Beware if upcoming versions of PDFBox change to preserve documents downloaded from sources using cross-references using xref streams, you also need to delete the crawl again.
I would suggest that this does not happen in versions 1.xx, and version 2.0.0 will introduce a fundamentally changed API, so the source code will not work out of the box, anyway.
Other ideas
I tried other ways to get around this problem by trying
- save the first manipulation as an incremental update, or
- add the image during the same incremental update as the signature,
Wed SignLikeUnOriginalToo.java but failed. It seems that incremental updates to PDFBox 1.8.9 work correctly for adding signatures.
Other ideas revised
Having studied additional versions using PDFBox, I tried other ideas again and now succeeded!
The most important part is to mark the added and changed objects as updated, including the path from the document catalog.
Applying the first idea (adding an image as an explicit intermediate revision) makes up this change in doSign :
... FileOutputStream fos = new FileOutputStream(intermediateDocument); FileInputStream fis = new FileInputStream(intermediateDocument); byte inputBytes[] = IOUtils.toByteArray(inputStream); PDDocument pdDocument = PDDocument.load(new ByteArrayInputStream(inputBytes)); PDJpeg ximage = new PDJpeg(pdDocument, ImageIO.read(logoStream)); PDPage page = (PDPage) pdDocument.getDocumentCatalog().getAllPages().get(0); PDPageContentStream contentStream = new PDPageContentStream(pdDocument, page, true, true); contentStream.drawXObject(ximage, 50, 50, 356, 40); contentStream.close(); pdDocument.getDocumentCatalog().getCOSObject().setNeedToBeUpdate(true); pdDocument.getDocumentCatalog().getPages().getCOSObject().setNeedToBeUpdate(true); page.getCOSObject().setNeedToBeUpdate(true); page.getResources().getCOSObject().setNeedToBeUpdate(true); page.getResources().getCOSDictionary().getDictionaryObject(COSName.XOBJECT).setNeedToBeUpdate(true); ximage.getCOSObject().setNeedToBeUpdate(true); fos.write(inputBytes); pdDocument.saveIncremental(fis, fos); pdDocument.close(); pdDocument = PDDocument.load(intermediateDocument); PDSignature signature = new PDSignature(); ...

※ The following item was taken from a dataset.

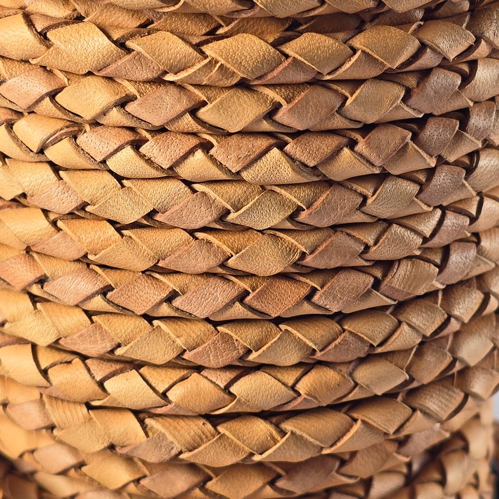 Pevná pletená kožená šňůra typu bolo, vyrobená z kvalitních plochých kožených řemínků spletených do kulatého tvaru. Díky průměru 5 mm je univerzální a vhodná pro širokou škálu kreativních i řemeslných projektů. Skvěle se hodí k výrobě šperků, zejména náhrdelníků, přívěsků, náramků, bolo kravat, ale také k doplňkovým prvkům pro western a historické kostýmy, bushcraft vybavení či stylové uzávěry a dekorace.

(as in SignLikeUnOriginalToo.java method doSignTwoRevisions )
Applying the second idea (adding an image as part of a signature revision) makes up this change in doSign :
... byte inputBytes[] = IOUtils.toByteArray(inputStream); PDDocument pdDocument = PDDocument.load(new ByteArrayInputStream(inputBytes)); PDJpeg ximage = new PDJpeg(pdDocument, ImageIO.read(logoStream)); PDPage page = (PDPage) pdDocument.getDocumentCatalog().getAllPages().get(0); PDPageContentStream contentStream = new PDPageContentStream(pdDocument, page, true, true); contentStream.drawXObject(ximage, 50, 50, 356, 40); contentStream.close(); page.getResources().getCOSObject().setNeedToBeUpdate(true); page.getResources().getCOSDictionary().getDictionaryObject(COSName.XOBJECT).setNeedToBeUpdate(true); ximage.getCOSObject().setNeedToBeUpdate(true); PDSignature signature = new PDSignature(); ...
(as in SignLikeUnOriginalToo.java method doSignOneStep )
Both options are clearly preferable to the initial approach.